American businessman and racketeer

Arthur James "Daddy" Black (July 24, 1877 – September 24, 1932) was a black businessman who came to prominence in Providence, Rhode Island in the 1920s as the manager and owner of two local baseball teams but also as the frontman for a numbers syndicate. In 1932, he was shot in his home by gunman. His death was originally thought to be as a result of a turf war, however, five men confessed to a robbery scheme. The subsequent murder trial was one of the most reported in Rhode Island history.

== Biography ==
Black was born on 24 July 1877 in Charleston, South Carolina. His family migrated to Rhode Island. His mother, Phebe, placed him and his three siblings in the Quaker-founded Shelter for Colored Children due to her financial and health issues. Within three years, her situation improved, and the four children returned to her care.

=== Reform School ===
In his late teens, Arthur was a cadet at the then-celebrated reform school, Sockanosset School for Boys. The paramilitary institution focused on education and vocational training (masonry, carpentry, blacksmithing, printing) to prepare boys for work after release. In 1896, the Deputy Superintendent appointed him to the rank of first Corporal of Company C. Many graduates transitioned directly into military service.

=== Navy Career ===
At age 19, he joined the United States Navy in 1899 at the start of the Spanish-American War. He served as a mess attendant and coal passer on the battleship Massachusetts. He transferred to the Pacific Fleet flagship, USS Brooklyn, which oversaw relief efforts in Hong Kong during the Boxer Rebellion. His 20-year Navy career took him all over the world. Still, the majority of his service was in the Atlantic and the West Indies, including Guantanamo Bay, Cuba, where he served as a Chief Machinist Mate. He also reportedly served at the Gatun Locks of the Panama Canal during construction. In 1919, he retired and returned to Providence, Rhode Island.

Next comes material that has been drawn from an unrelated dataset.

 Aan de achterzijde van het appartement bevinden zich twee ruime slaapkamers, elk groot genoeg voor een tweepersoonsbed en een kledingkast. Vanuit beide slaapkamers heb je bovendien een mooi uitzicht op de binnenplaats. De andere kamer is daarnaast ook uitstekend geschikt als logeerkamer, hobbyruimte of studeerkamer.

=== Prominent Businessman ===
During the 1920s, Black came to public attention as a businessman and the manager of the all-white Providence Monarchs baseball club.

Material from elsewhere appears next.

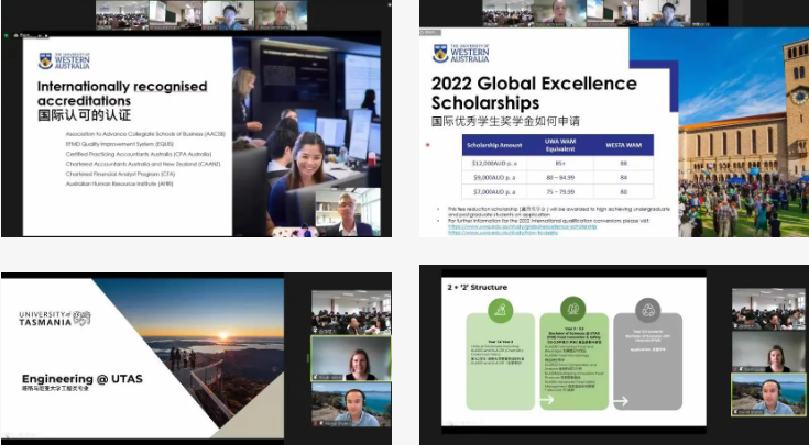 西澳大学商涩涩漫画副院长Nicholas Letch教授和分子科学涩涩漫画国际项目协调员Alyssa Van Dreumel博士,塔斯马尼亚大学工程涩涩漫画全球事务副主任Sarah Lyden女士、国际合作官员Kamal Shahril先生、招生市场中国区主任Candy Han女士分别从两所合作高校所处的城市环境、学校国际声誉、全球合作、培养模式、授课方式、学生活动等方面进行了介绍,重点讲解了澳大利亚最新的入境政策,并欢迎同学们未来亲自前往海外学习生活。

In 1922, the Providence Journal reported on a minor traffic collision involving Black that was resolved amicably. Around the same time, he also gained publicity for exposing a corrupt policeman, who was subsequently suspended and tried for soliciting a bribe.

By the late 1920s, his influence extended into politics as well as business. In 1927, Rhode Island's Democratic State Central Committee appointed him to organize black voters for the Smith-Robinson ticket.

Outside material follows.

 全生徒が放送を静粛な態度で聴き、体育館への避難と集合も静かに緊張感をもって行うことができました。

He applied his skills as a machinist to the building trades. Arthur joined the International Union of Steam and Operating Engineers in July 1925. He served on the stiff-leg crane teams at two Rhode Island architectural icons; the Industrial National Bank Building, and the Mount Hope Bridge. During his tenure he served as a walking agent of the Local 57. It is rumored that he aspired to a leadership position with a direct challenge of President and Business Manager, John A. White. He allowed his membership to lapse in 1932.

=== Baseball Owner ===
Arthur Black invested in semi-professional baseball clubs as early as 1924. Incorporation papers list him as a part-owner of the Cleveland Colored Giants, alongside white owners. In 1926, he acquired the Monarchs, a predominantly Irish team of the West End of Providence. In 1931, Black bought the Providence Colored Giants from his friend, and sports promoter, Daniel Whitehead. The team were often dubbed the "Daddy Black Giants." Under Black's ownership, the Providence Colored Giants was a formidable team. Black attracted top players to the team because he offered a weekly salary rather than a share of gate receipts. Players included Oliver "Ghost" Marcell, Luther Farrell, and Jesse Hubbard.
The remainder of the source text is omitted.